## Wednesday, July 23, 2008

### Formalizing predicate boundedness

Informally, we defined a predicate F to be bounded if the entities for which F is true can be enclosed in a reasonably "small" class. Of course, for this definition to be of any use we have to clearly specify what we mean by "small", or at least use our intuition to propose some axioms for this concept:

• If A and B are small, A U B is small.
• If A and B are small, AB is small.
• If A is small and B is included in A, B is small.
• If A is small then −A, the class of all entities outside A, is not small.

In the definition of −A given above we have assumed that we are working inside some universal class comprising any conceivable entity.
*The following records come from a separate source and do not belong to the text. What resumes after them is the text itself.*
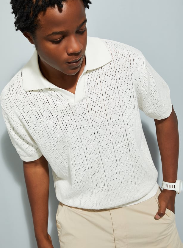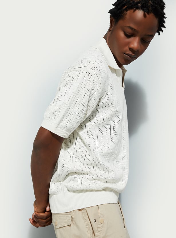 Rock your casual game with this T-shirt, crafted for the ultimate street style. Featuring a sharp Johnny collar, short sleeves, and ribbed trim, it's got the classic vibes nailed down. The pointelle knit design takes it to the next level, adding an edgy twist to your laid-back look.
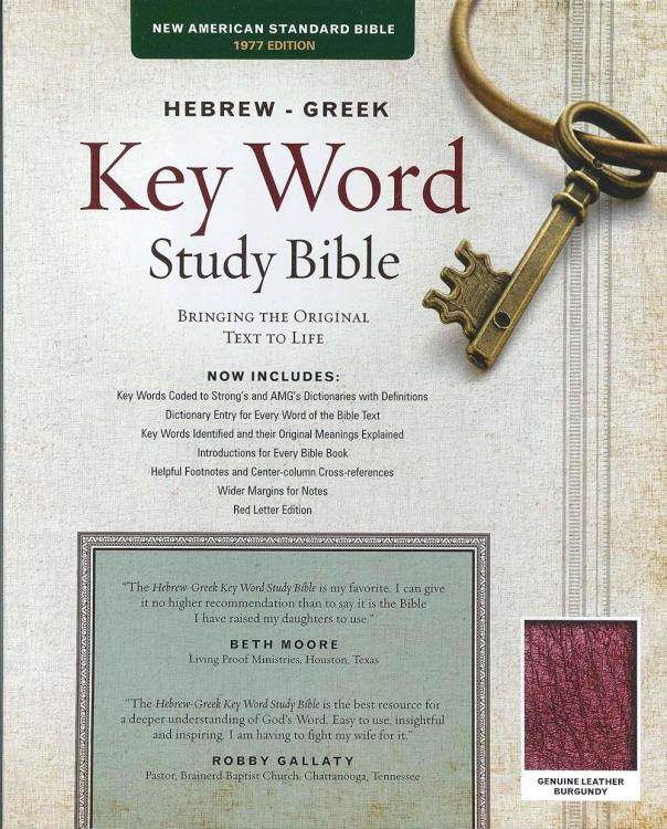 There are times when a Greek or Hebrew word has a distinct meaning that seriously affects the proper interpretation of Scripture. Unless you are familiar with these languages, you will not be able to determine what word in the original text was used or the differences between these words-until now.The Hebrew-Greek Key Word Study Bible identifies the key words of the original languages and presents clear, precise explanations of their meaning and usage. Those who love God’s Word will treasure this Bible, for it contains a whole library of biblical helps within its covers. NOW INCLUDED* Wider Margins on Pages of the Bible Text* Key Words in the Biblical Text Coded to Strong’s Numbers* New Word Studies with AMG’s Annotated Strong’s Dictionaries* Red Letter Edition of the New American Standard BibleGENUINE LEATHER BURGUNDY INDEXED
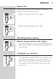 ENGLISH Problem Possible cause Solution The nose trimmer attachment does not work. The cutting element of the attachment is very dirty, for instance because some nasal mucus has dried inside the cutting element. Clean the cutting element by rinsing it under the tap with hot water. Switch on the appliance and rinse the cutting element once more to remove any remaining hairs.
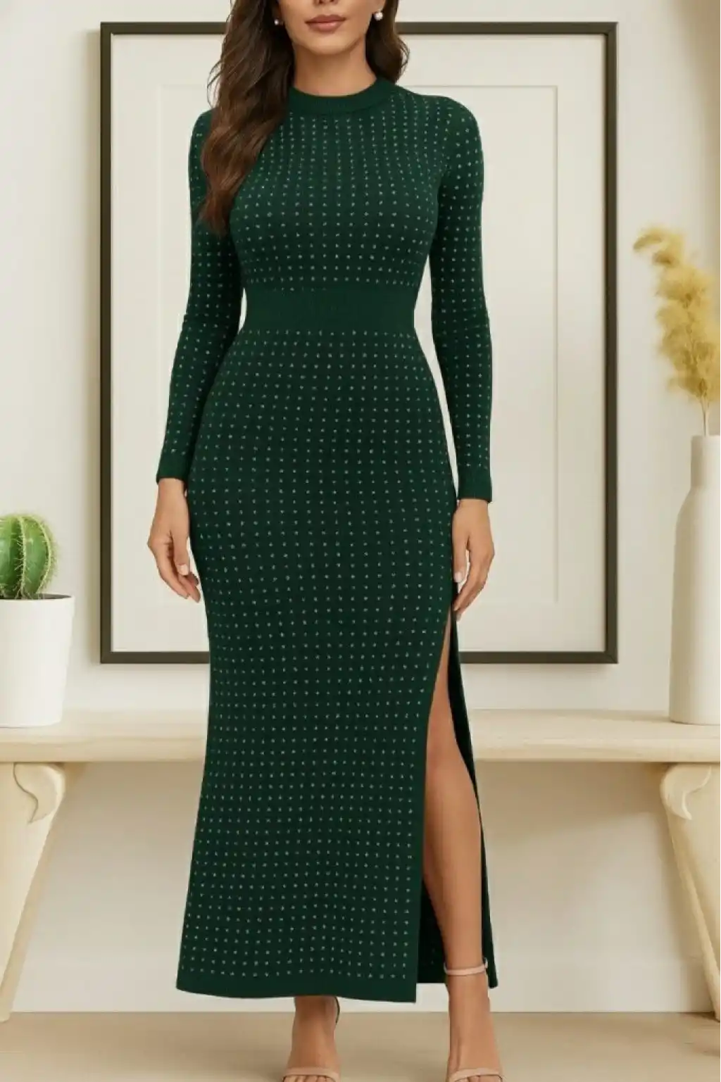 Kadın Uzun Kollu Bisiklet Yaka Taşlı Midi Kadife Elbise
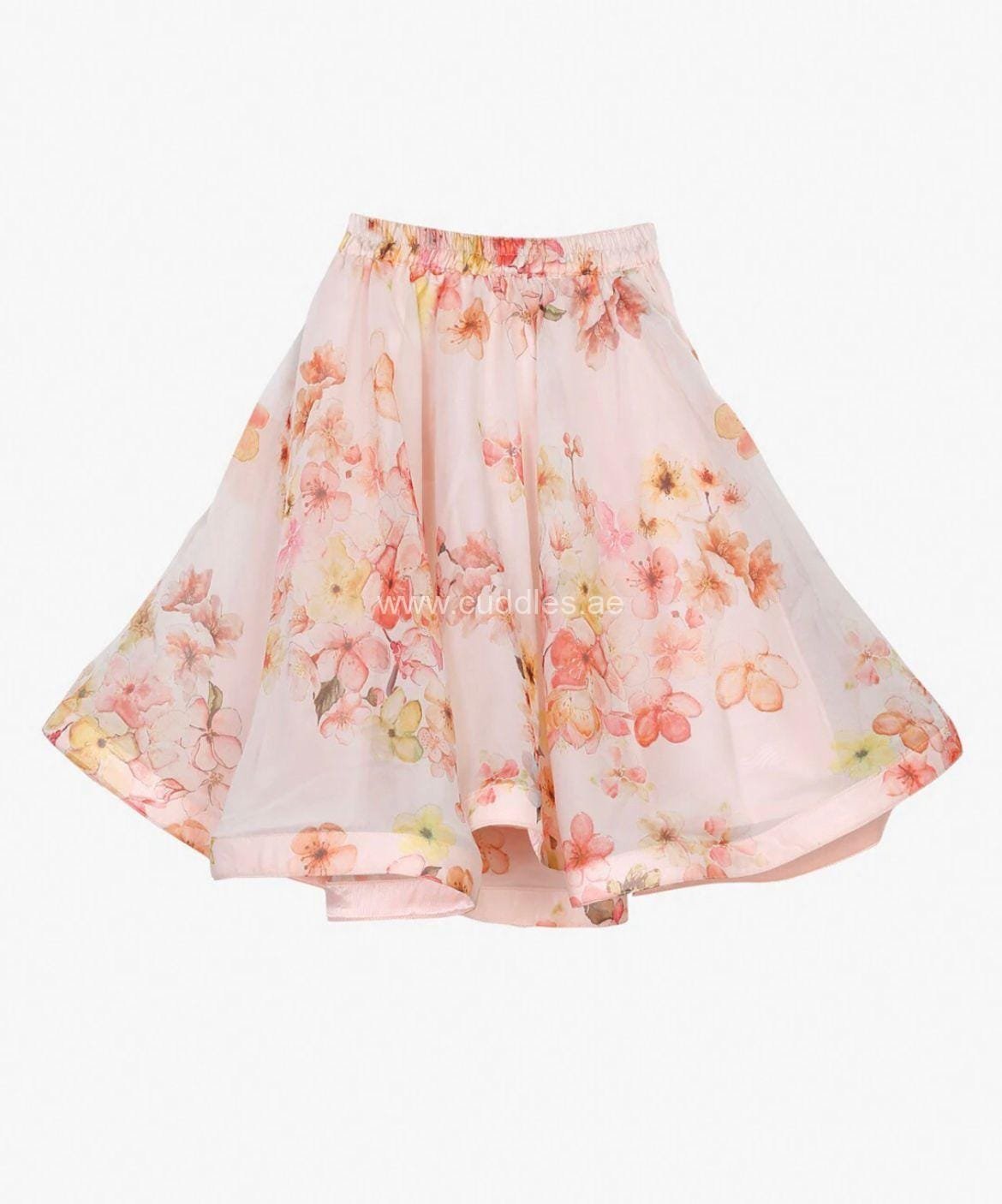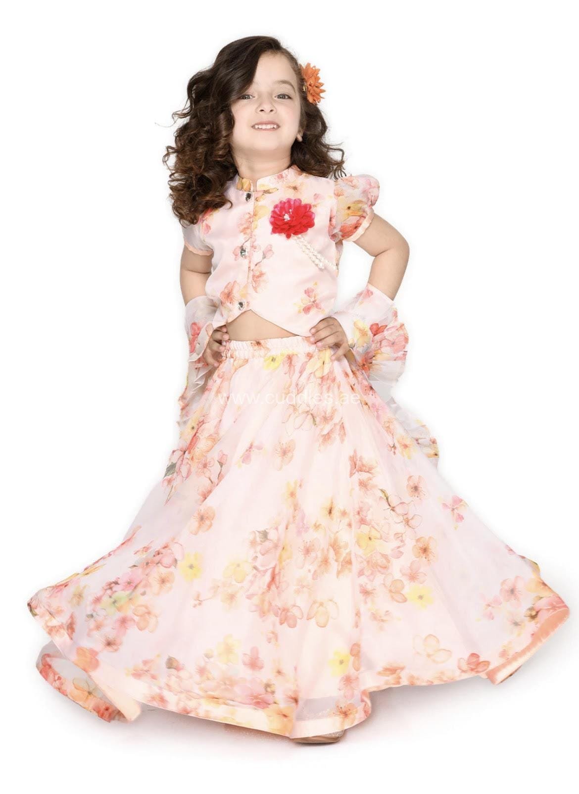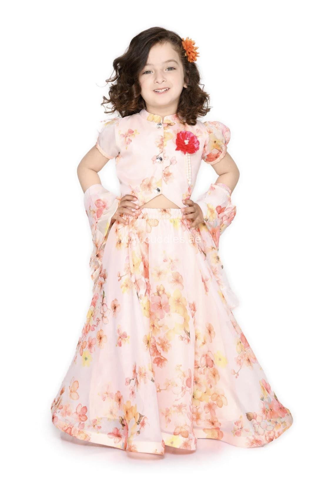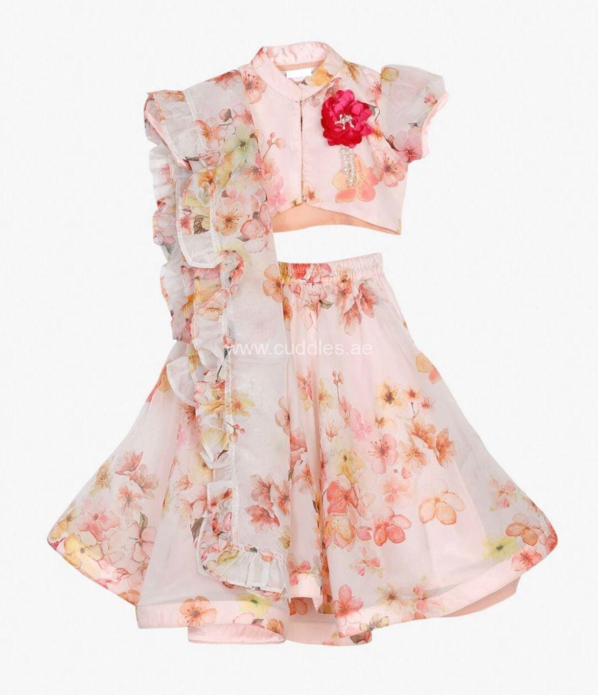Beautiful Peach Floral Lehenga Choli set with short sleeves front hook closure, flower embellished Choli and frilly Dupatta
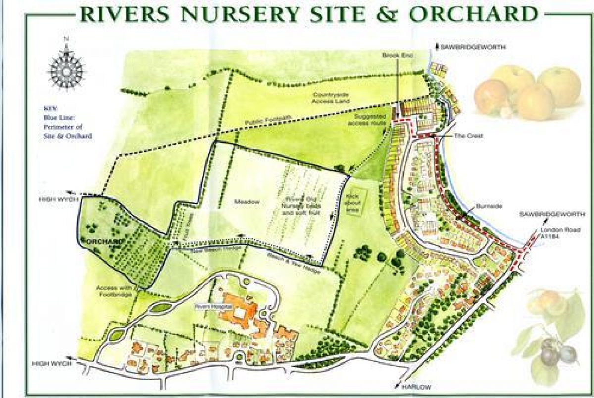 The Rivers Nursery Orchard is now a Community Orchard, restored by volunteers over the past 15 years. Although the site is not generally open to the public, public footpaths do cross the site. Access to the site for activities organised by the Rivers Nursery Site and Orchard Group is by the invitation of the East Hertfordshire District Council as landowner.
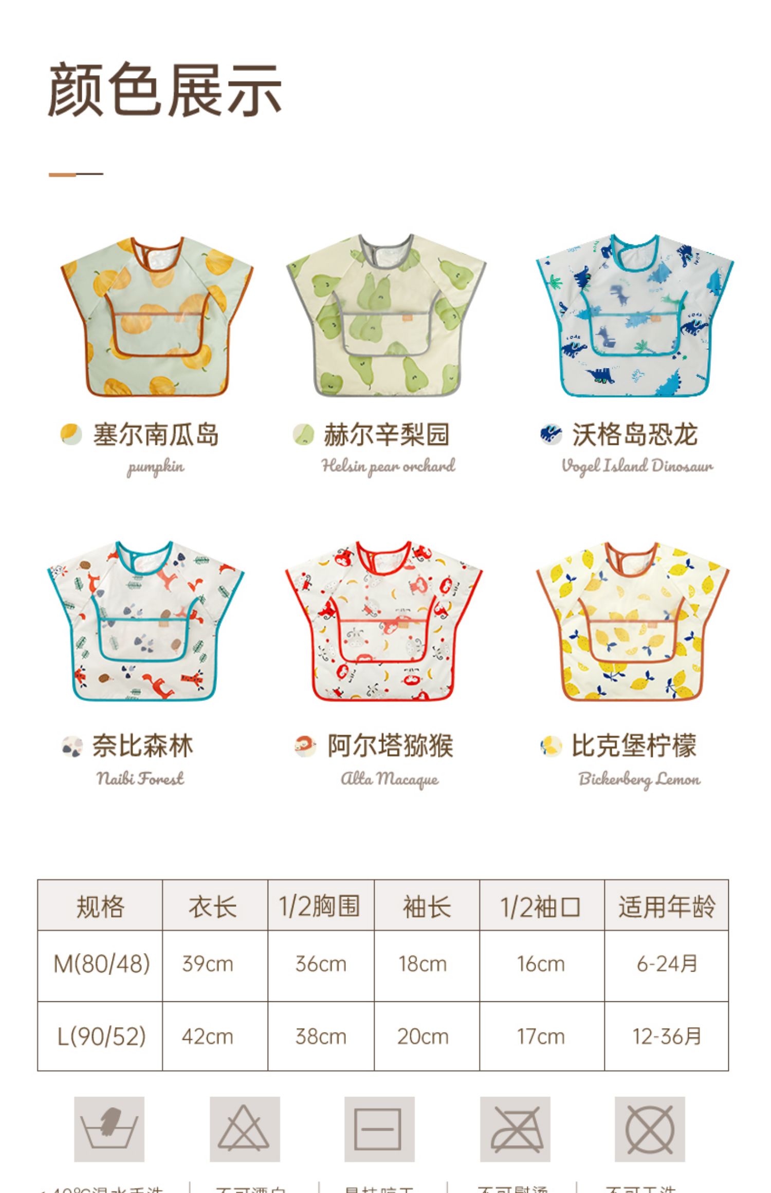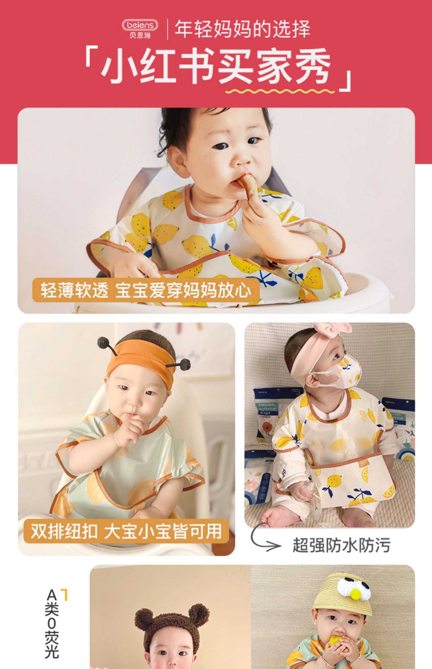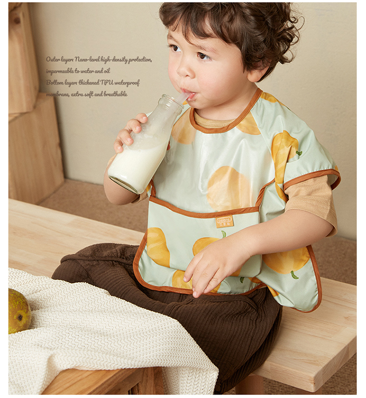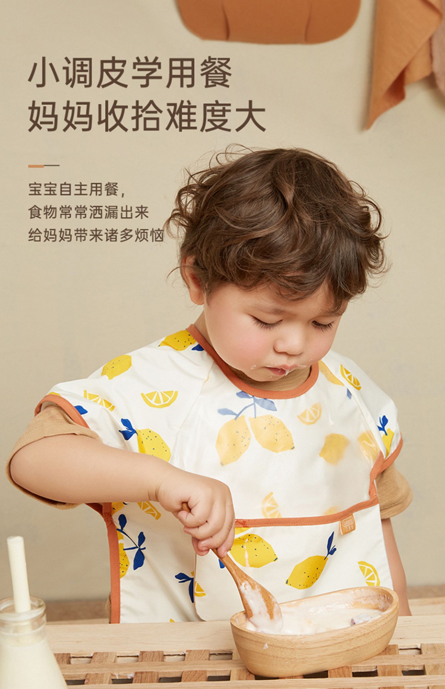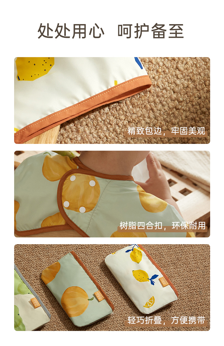 贝恩施儿童短袖双层防护防水防污罩衣婴儿宝宝吃饭神器围兜罩衣
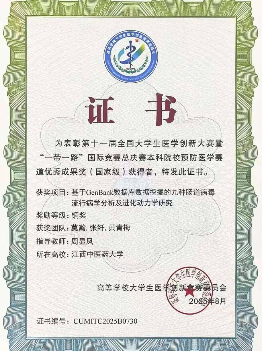 1.荣获2025年8月第十一届全国大学生医学创新大赛暨“一带一路”国际竞赛总决赛预防医学赛道国家级铜奖2025年国家级大学生创新训练计划立项
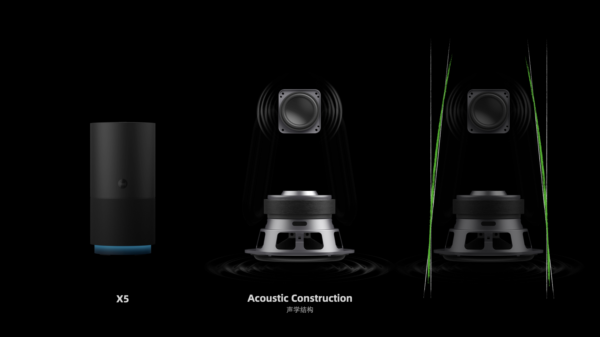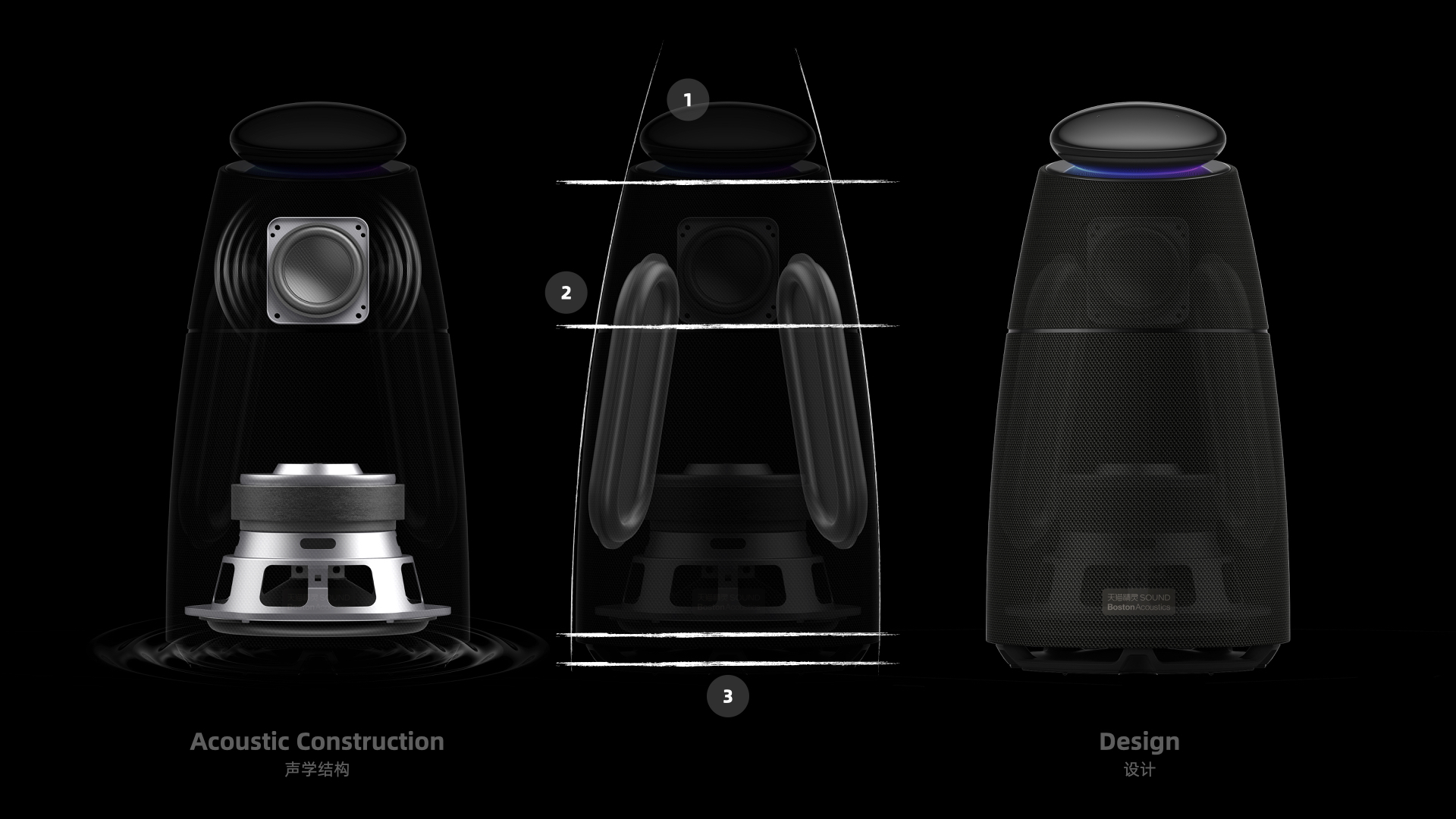 前期阶段设计团队深入了解声学原理并协同声学专家分析合理的声学架构,最终在产品延续及硬件合理性上找到了可能——Sound系列采用了下宽上窄的纺锤形体,目的在于平衡形体与音腔体积的诉求下充分释放三频均衡的声学能量。 而在基本形体之外,该如何整合体验以及释放出交互的设计空间,这成了一个感性与理性的胶着点。
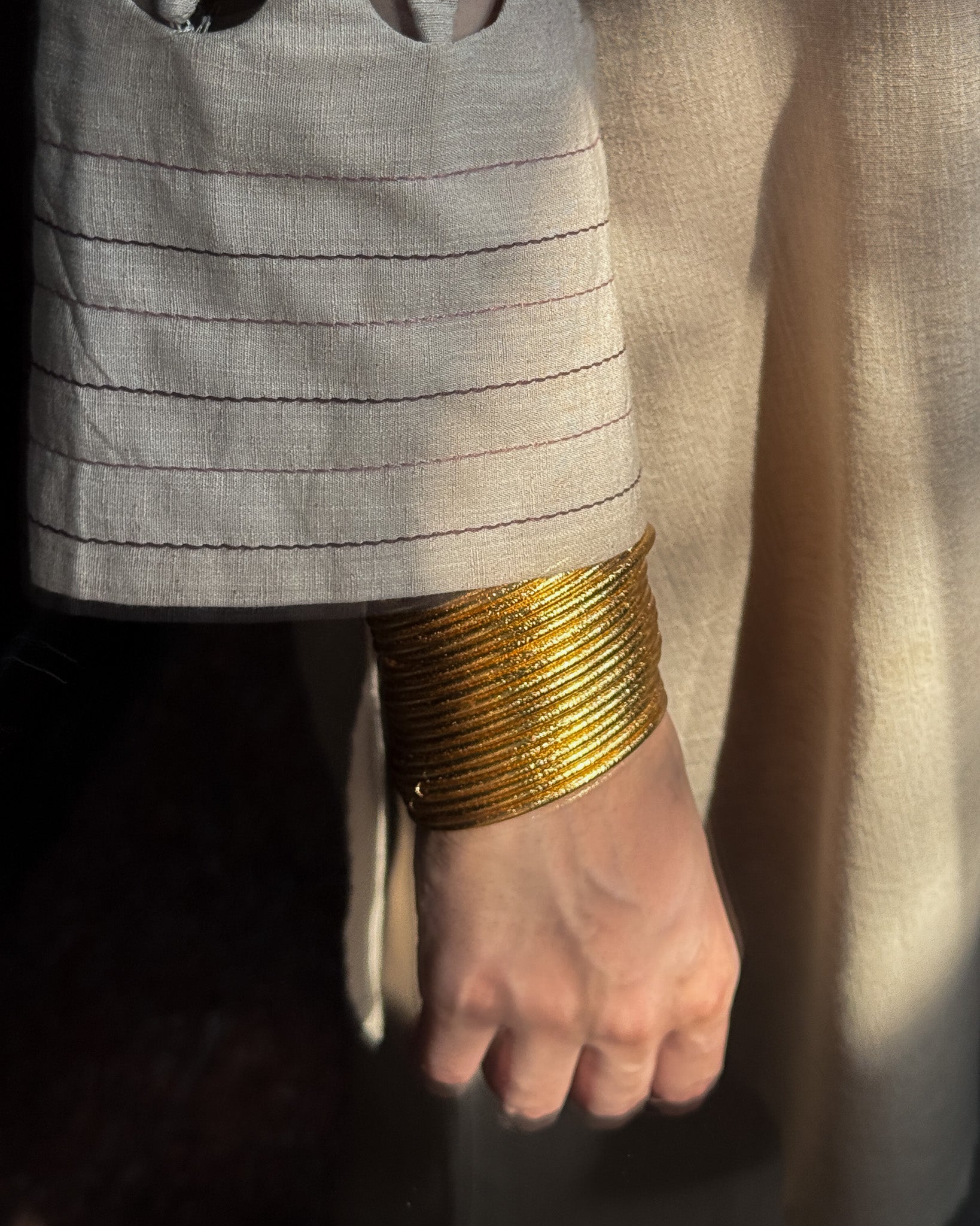 The bangles come as a set of six, handcrafted in textured gold plated brass

The axioms for "small" are far from categorical. We give a few models for this notion:

• If we decide to work within a mathematical class theory such as NBG, there is an easy definition for "small": A class is small if it is a set (not all classes are sets).
• We can take "small" as meaning "finite", provided the universal class is infinite, or as having cardinality less than or equal to some fixed infinite cardinal κ, provided the universal class is larger than κ.
• Suppose we have a fixed set of "primitive" predicates Fi with domains Di such that UDi is smaller than the universal class. We can define the class of small sets as the least class S comprising all Di that is closed under finite union, finite intersection and comprehension: if X belongs to S and Y is a subset of X, Y belongs to S. This definition of "small" can be seen as a formal model for Quine's notion of natural kinds.

This is probably as far as we can get with respect to defining what "small" means in the context of predicate boundedness.